Data items:
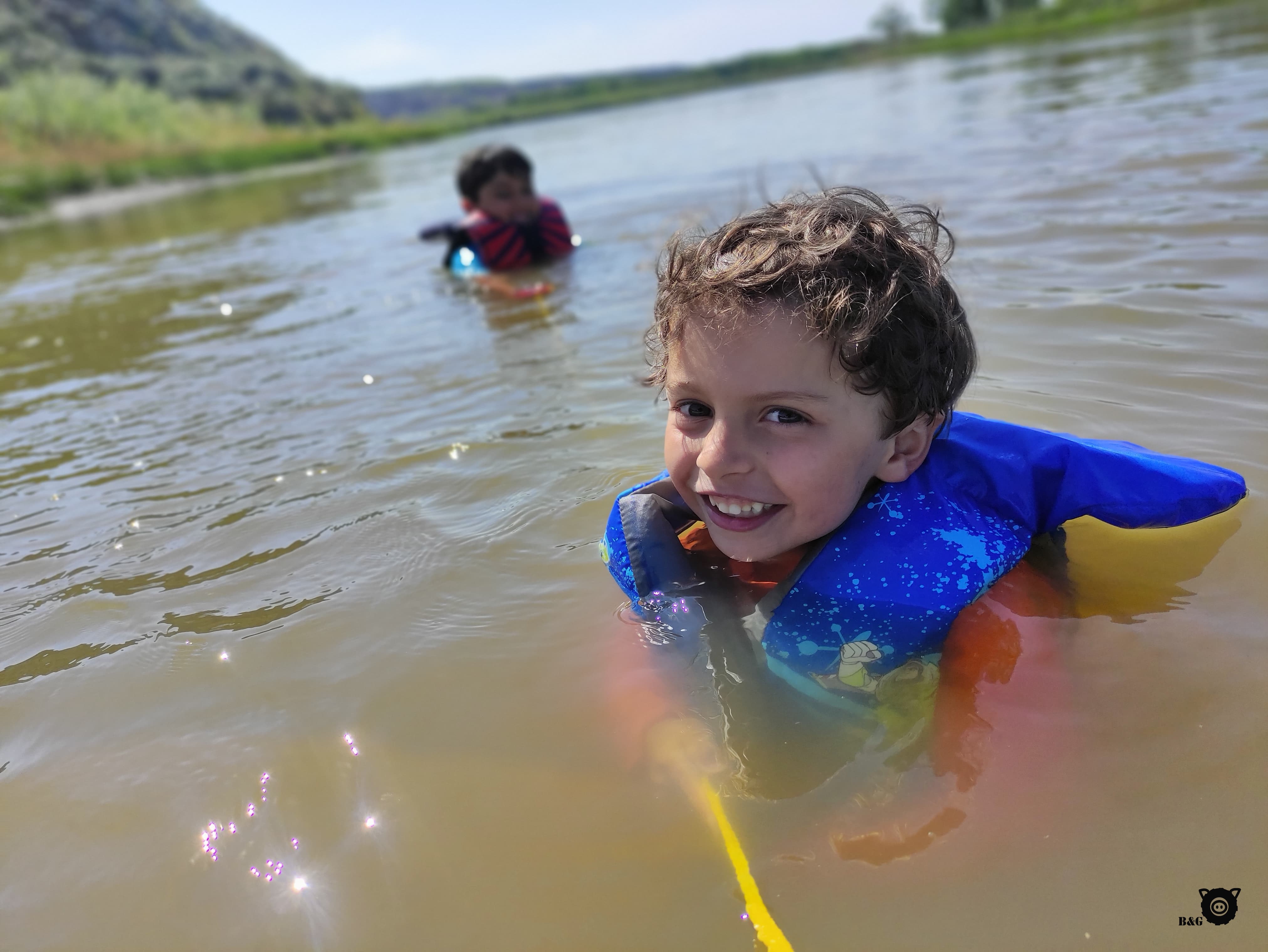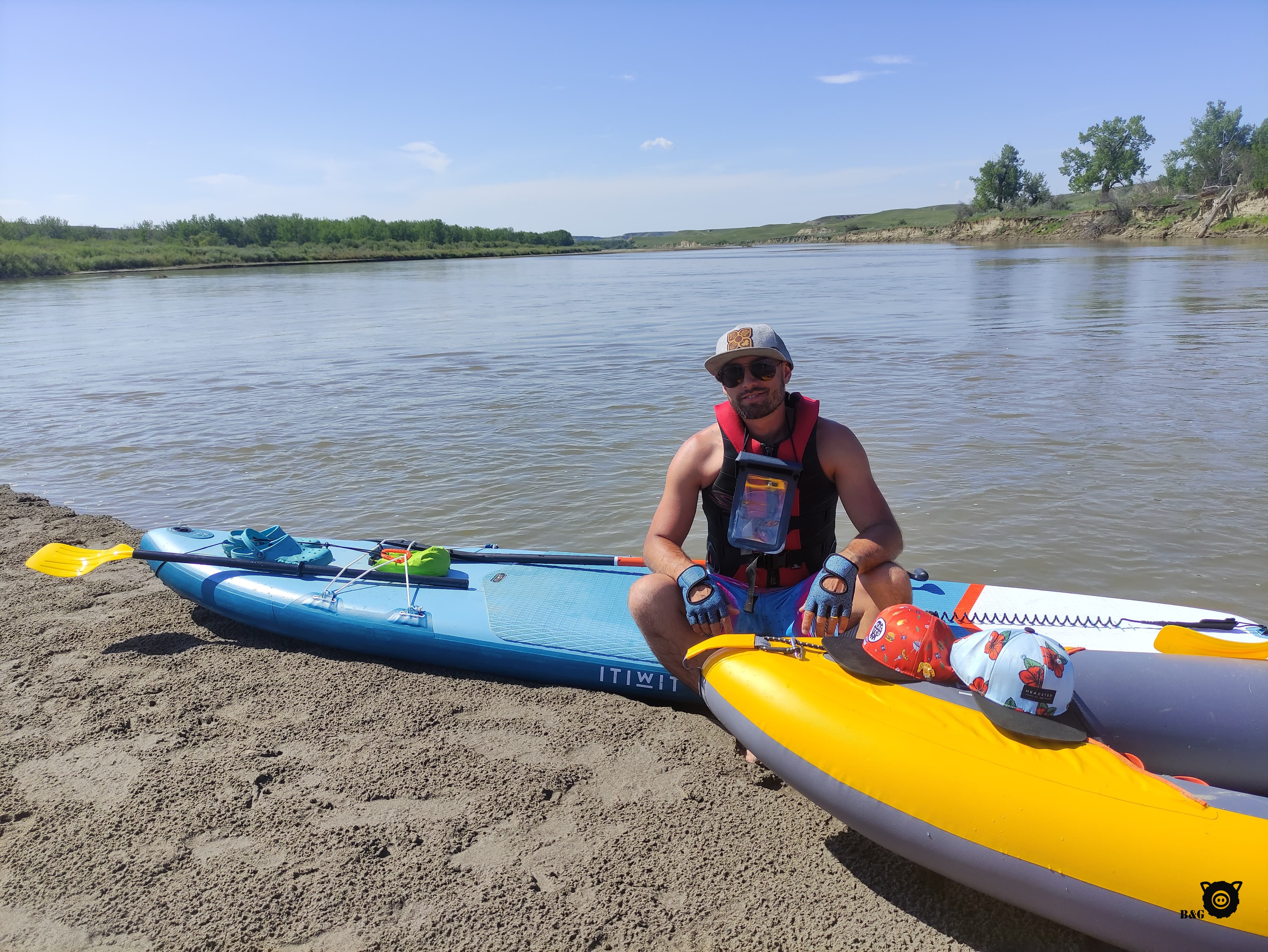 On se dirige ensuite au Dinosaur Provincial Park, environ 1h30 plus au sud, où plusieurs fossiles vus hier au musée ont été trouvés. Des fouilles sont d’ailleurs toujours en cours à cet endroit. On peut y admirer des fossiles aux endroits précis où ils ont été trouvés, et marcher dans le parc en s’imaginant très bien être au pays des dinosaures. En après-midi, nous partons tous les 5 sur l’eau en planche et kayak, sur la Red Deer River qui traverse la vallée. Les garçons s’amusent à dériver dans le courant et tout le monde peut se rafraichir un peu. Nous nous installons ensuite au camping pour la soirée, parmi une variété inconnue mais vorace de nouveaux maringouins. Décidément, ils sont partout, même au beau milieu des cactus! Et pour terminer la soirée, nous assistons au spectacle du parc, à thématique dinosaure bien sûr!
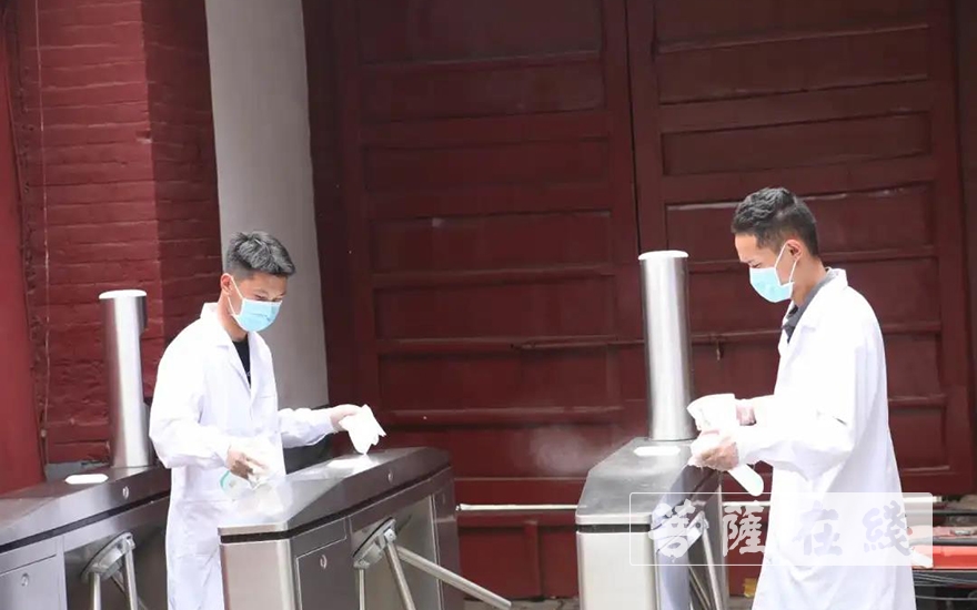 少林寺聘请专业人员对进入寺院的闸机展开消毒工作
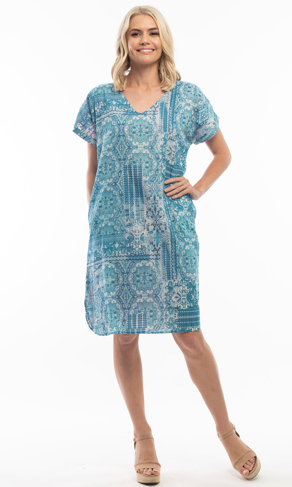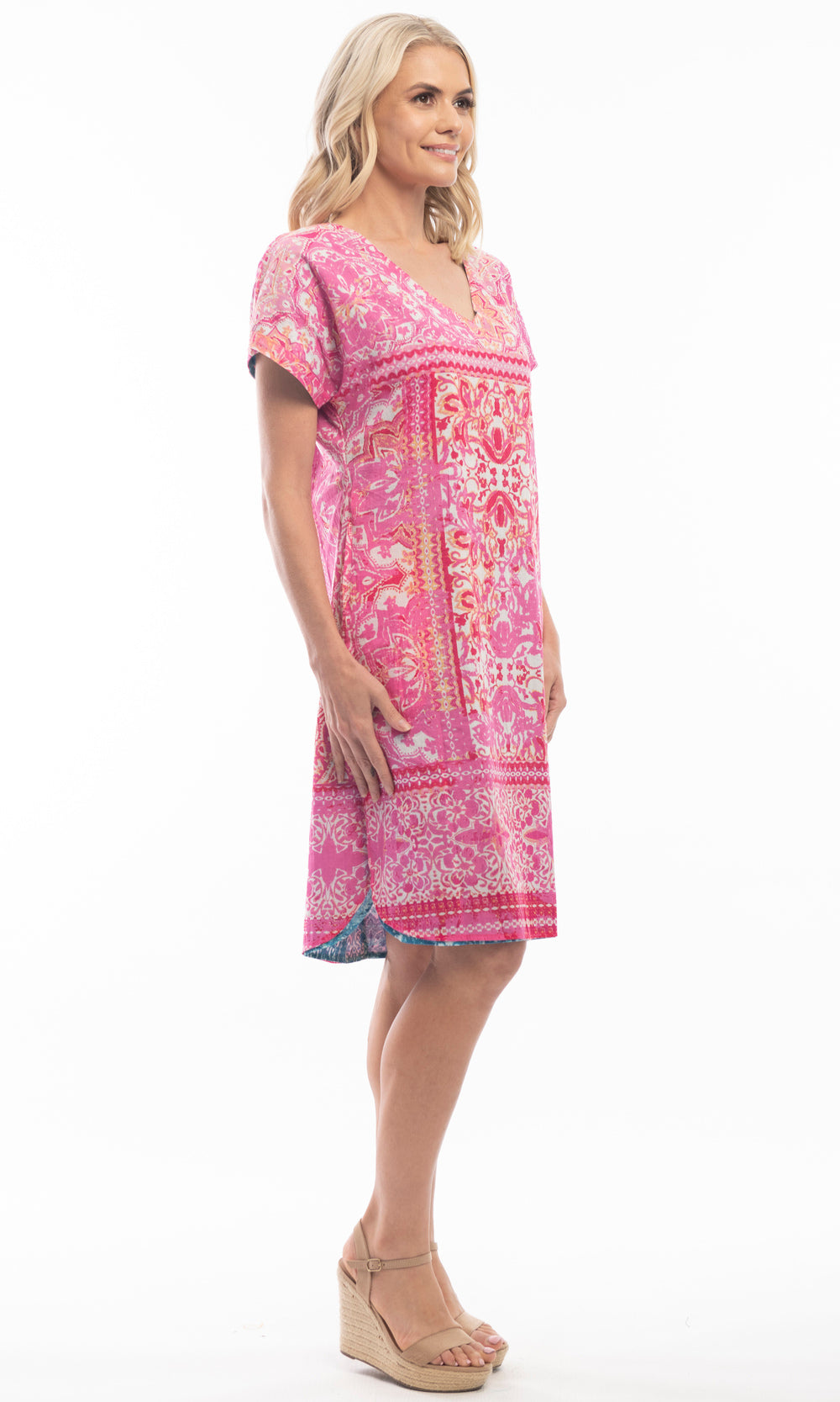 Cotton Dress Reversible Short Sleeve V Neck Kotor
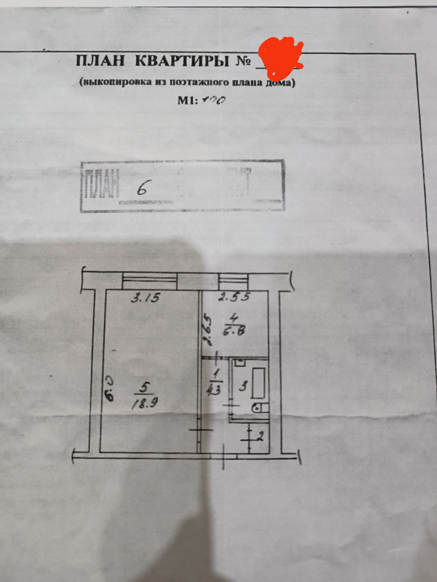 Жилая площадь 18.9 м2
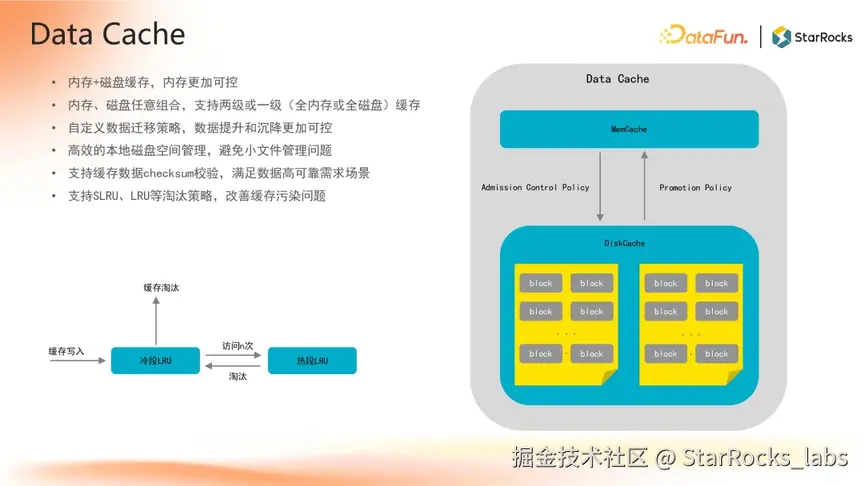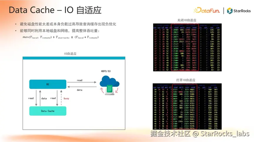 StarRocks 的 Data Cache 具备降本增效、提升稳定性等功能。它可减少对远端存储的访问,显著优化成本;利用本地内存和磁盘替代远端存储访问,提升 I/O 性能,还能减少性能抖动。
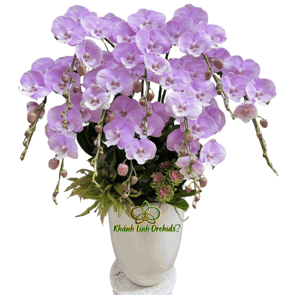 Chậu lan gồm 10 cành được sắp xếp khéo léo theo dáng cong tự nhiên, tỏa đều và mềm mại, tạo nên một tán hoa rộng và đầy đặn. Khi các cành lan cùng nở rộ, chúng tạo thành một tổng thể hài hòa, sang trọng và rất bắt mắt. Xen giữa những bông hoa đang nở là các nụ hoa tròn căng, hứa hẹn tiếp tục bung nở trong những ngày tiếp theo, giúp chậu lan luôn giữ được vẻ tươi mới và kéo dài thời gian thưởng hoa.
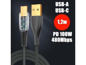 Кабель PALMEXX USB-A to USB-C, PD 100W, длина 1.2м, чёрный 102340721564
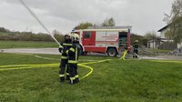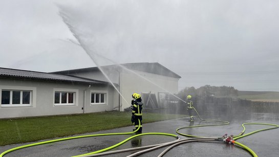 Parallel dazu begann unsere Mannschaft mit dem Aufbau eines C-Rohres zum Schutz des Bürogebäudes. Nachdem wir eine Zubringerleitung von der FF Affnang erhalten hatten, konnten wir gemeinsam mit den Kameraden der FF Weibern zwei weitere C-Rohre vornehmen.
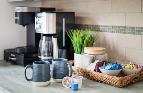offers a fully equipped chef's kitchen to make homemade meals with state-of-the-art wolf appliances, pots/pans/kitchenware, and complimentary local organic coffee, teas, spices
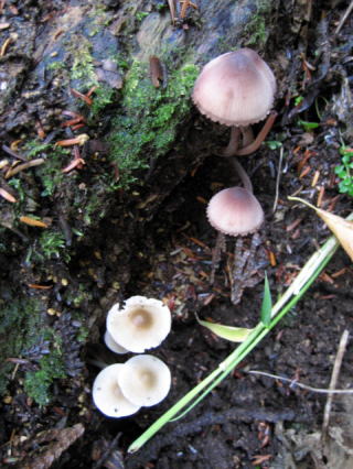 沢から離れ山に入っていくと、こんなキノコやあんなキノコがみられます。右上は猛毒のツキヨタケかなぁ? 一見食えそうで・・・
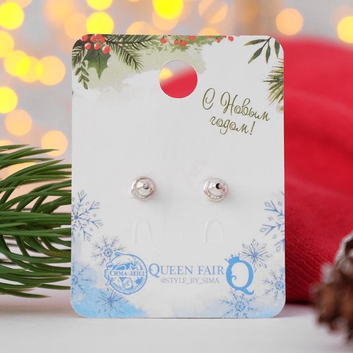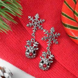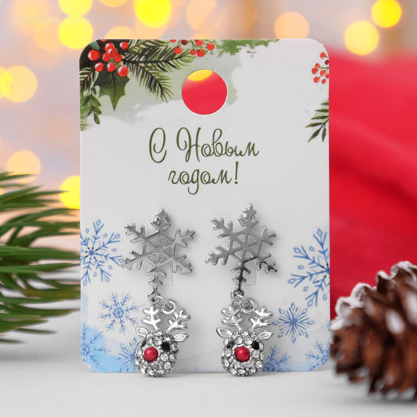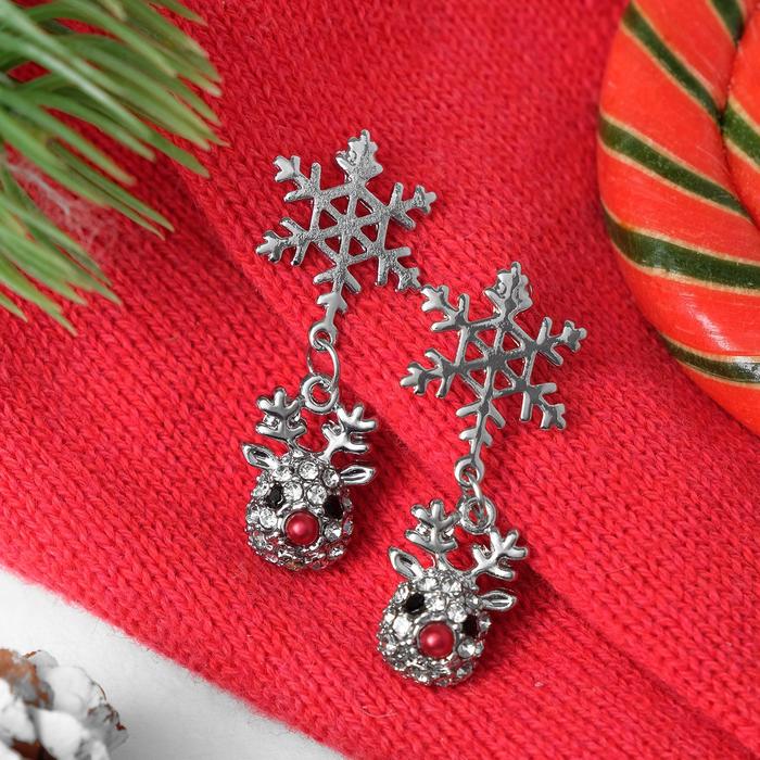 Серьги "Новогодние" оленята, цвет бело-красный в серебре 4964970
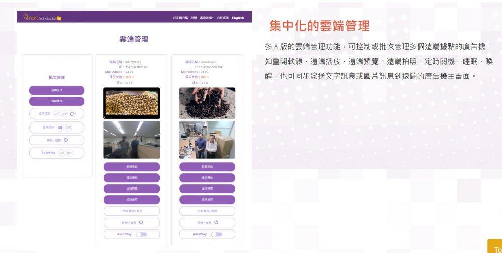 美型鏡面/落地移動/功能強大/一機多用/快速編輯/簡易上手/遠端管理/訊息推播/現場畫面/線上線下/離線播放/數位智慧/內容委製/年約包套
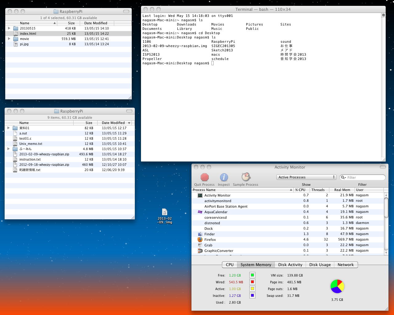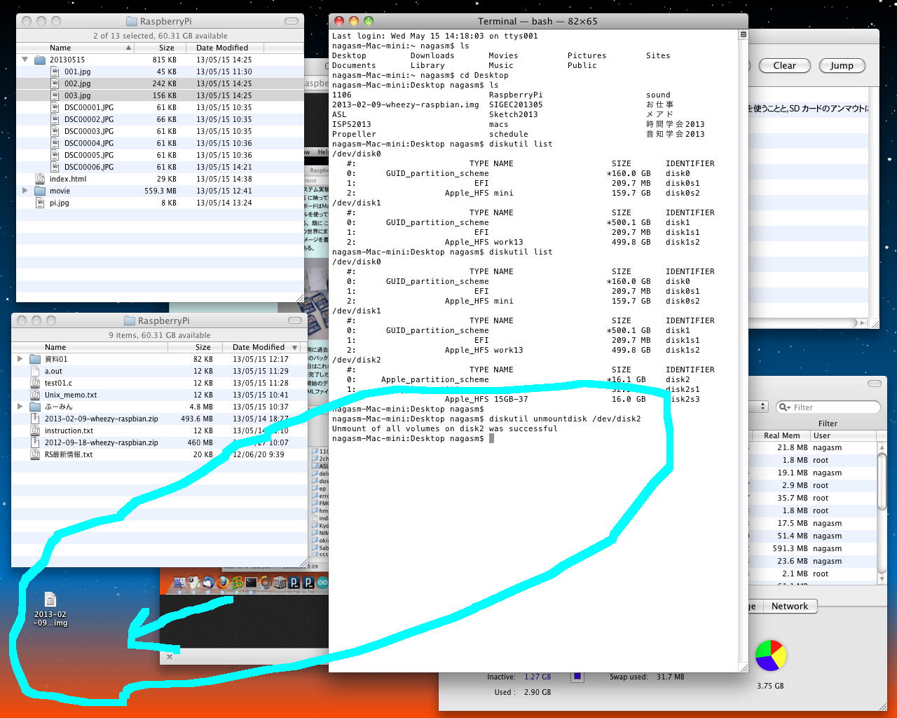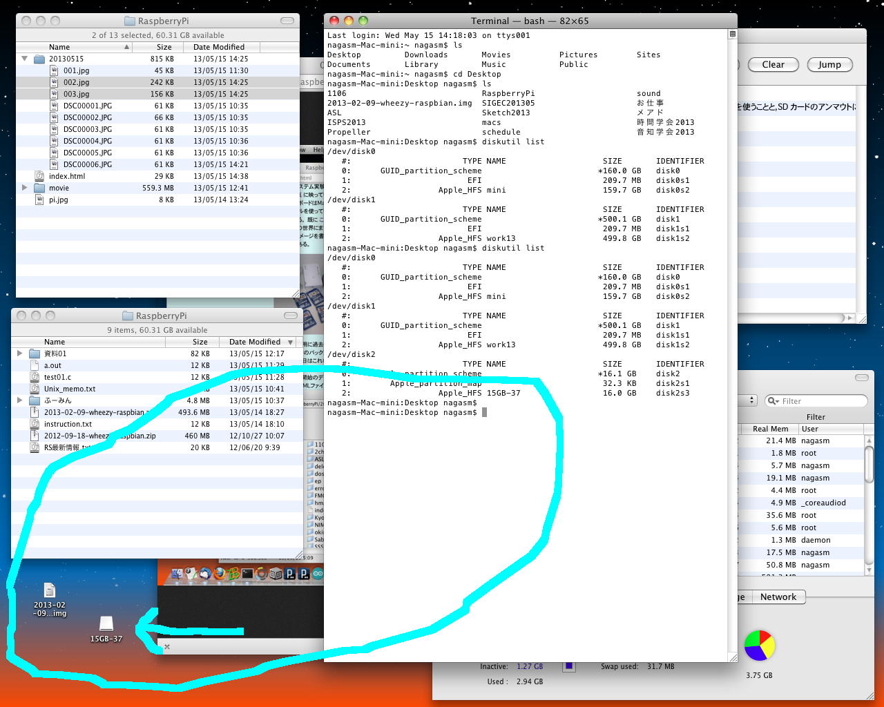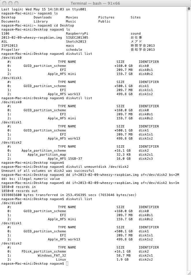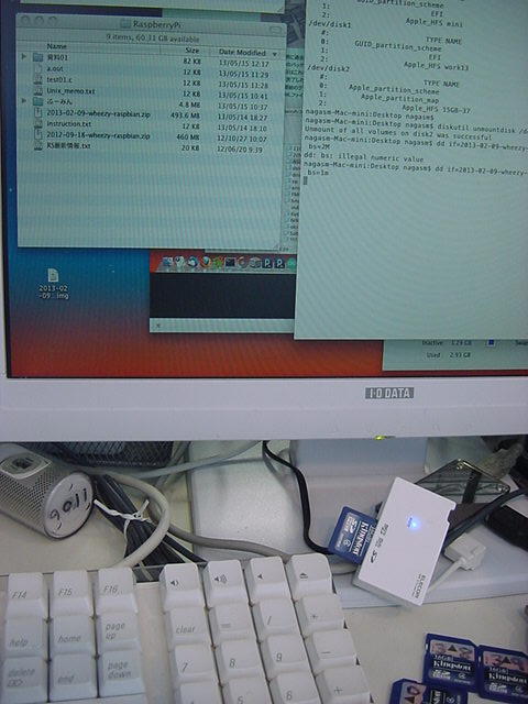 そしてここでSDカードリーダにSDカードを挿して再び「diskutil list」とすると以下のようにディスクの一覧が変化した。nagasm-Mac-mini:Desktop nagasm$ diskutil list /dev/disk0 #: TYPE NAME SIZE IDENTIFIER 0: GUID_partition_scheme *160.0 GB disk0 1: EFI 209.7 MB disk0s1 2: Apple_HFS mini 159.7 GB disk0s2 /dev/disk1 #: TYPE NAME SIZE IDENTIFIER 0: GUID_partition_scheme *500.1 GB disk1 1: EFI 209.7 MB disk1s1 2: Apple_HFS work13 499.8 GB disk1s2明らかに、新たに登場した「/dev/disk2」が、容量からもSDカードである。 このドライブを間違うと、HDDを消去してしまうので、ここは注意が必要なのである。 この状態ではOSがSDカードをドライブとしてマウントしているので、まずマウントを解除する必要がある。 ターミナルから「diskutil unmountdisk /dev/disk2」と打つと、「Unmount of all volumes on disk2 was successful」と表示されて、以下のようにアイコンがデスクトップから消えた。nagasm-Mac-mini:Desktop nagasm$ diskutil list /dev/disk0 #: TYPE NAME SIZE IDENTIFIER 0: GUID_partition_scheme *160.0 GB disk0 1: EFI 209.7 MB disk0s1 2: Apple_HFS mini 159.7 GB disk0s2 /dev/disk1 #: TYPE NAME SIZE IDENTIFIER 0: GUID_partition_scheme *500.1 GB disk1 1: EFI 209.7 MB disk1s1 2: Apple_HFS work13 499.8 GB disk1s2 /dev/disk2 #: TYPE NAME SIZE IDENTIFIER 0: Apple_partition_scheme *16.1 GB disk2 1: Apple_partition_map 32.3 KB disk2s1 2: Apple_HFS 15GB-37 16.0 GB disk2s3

Directions for this task: Starting at the line above that holds "Жилая площадь 18.9 м2", return each line up to and including the one that holds "Parallel dazu begann", exactly as written, minus any pictures.

Result:
 Жилая площадь 18.9 м2
 StarRocks 的 Data Cache 具备降本增效、提升稳定性等功能。它可减少对远端存储的访问,显著优化成本;利用本地内存和磁盘替代远端存储访问,提升 I/O 性能,还能减少性能抖动。
 Chậu lan gồm 10 cành được sắp xếp khéo léo theo dáng cong tự nhiên, tỏa đều và mềm mại, tạo nên một tán hoa rộng và đầy đặn. Khi các cành lan cùng nở rộ, chúng tạo thành một tổng thể hài hòa, sang trọng và rất bắt mắt. Xen giữa những bông hoa đang nở là các nụ hoa tròn căng, hứa hẹn tiếp tục bung nở trong những ngày tiếp theo, giúp chậu lan luôn giữ được vẻ tươi mới và kéo dài thời gian thưởng hoa.
 Кабель PALMEXX USB-A to USB-C, PD 100W, длина 1.2м, чёрный 102340721564
 Parallel dazu begann unsere Mannschaft mit dem Aufbau eines C-Rohres zum Schutz des Bürogebäudes. Nachdem wir eine Zubringerleitung von der FF Affnang erhalten hatten, konnten wir gemeinsam mit den Kameraden der FF Weibern zwei weitere C-Rohre vornehmen.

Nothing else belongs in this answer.